▶ **Given entries**

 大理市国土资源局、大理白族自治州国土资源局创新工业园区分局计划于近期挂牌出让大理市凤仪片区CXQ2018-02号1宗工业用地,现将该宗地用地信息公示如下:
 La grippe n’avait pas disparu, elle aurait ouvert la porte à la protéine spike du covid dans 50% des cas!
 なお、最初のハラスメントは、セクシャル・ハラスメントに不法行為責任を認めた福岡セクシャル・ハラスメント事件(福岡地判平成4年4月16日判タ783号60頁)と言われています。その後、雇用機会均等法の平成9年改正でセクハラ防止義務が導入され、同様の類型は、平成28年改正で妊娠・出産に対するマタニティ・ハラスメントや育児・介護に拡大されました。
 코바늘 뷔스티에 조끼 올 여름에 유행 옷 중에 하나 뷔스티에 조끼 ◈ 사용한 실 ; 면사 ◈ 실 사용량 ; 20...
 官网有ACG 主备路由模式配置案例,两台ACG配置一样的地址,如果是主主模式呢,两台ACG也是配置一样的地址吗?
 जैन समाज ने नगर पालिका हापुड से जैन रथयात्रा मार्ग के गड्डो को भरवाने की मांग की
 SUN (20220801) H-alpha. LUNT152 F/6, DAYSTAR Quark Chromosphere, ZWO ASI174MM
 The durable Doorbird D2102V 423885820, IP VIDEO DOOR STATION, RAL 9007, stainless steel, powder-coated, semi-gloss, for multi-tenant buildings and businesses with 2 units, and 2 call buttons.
...
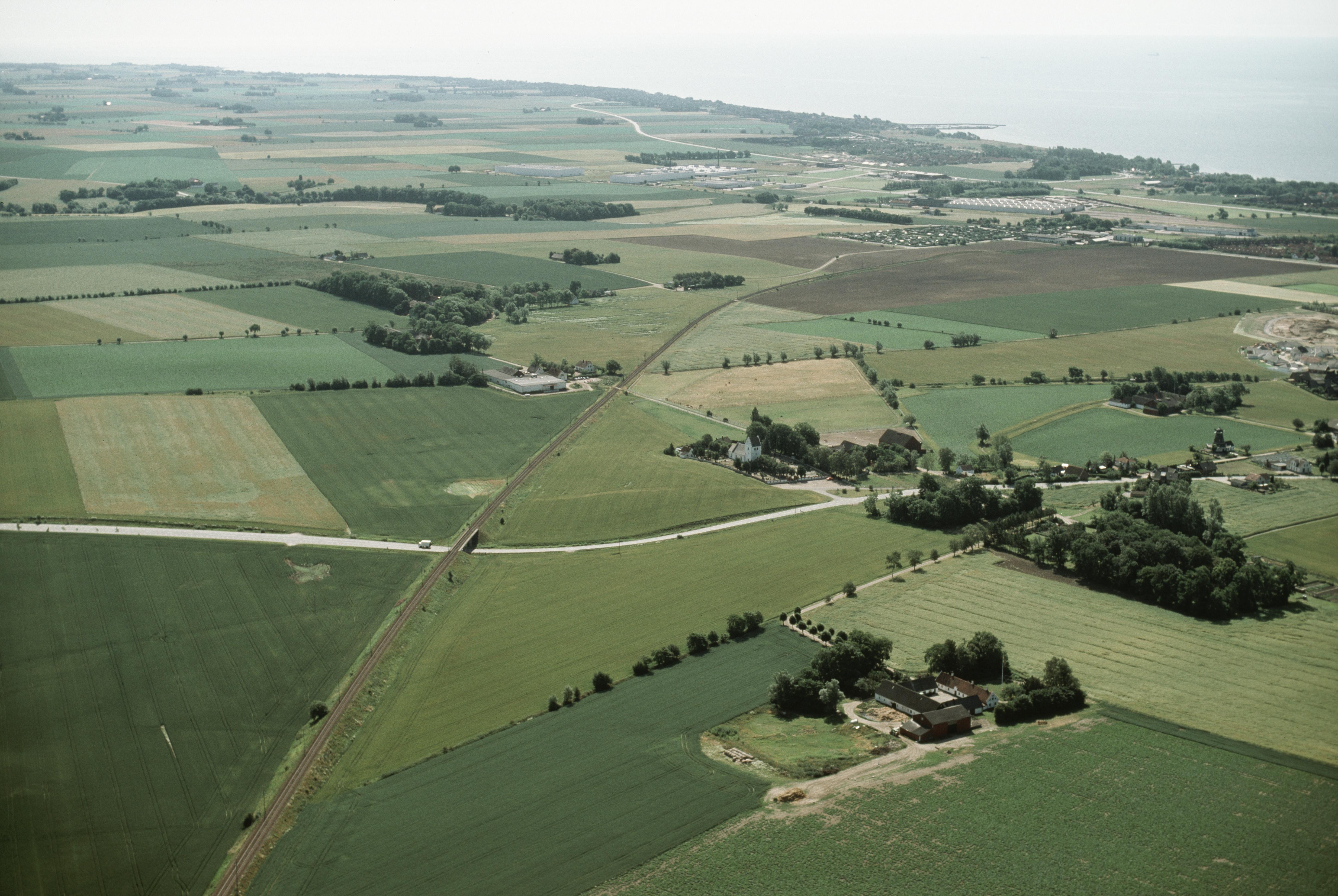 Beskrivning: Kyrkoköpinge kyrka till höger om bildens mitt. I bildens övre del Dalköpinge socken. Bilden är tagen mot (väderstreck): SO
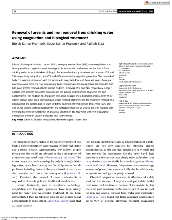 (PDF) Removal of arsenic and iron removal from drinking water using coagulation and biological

▶ **What is expected**
Take the records above and return, word for word, only the lines that fall from the line with "大理市国土资源局、大理白族自" to the line with "La grippe n’avait", both of them included.

▶ **Task solution**
 大理市国土资源局、大理白族自治州国土资源局创新工业园区分局计划于近期挂牌出让大理市凤仪片区CXQ2018-02号1宗工业用地,现将该宗地用地信息公示如下:
 La grippe n’avait pas disparu, elle aurait ouvert la porte à la protéine spike du covid dans 50% des cas!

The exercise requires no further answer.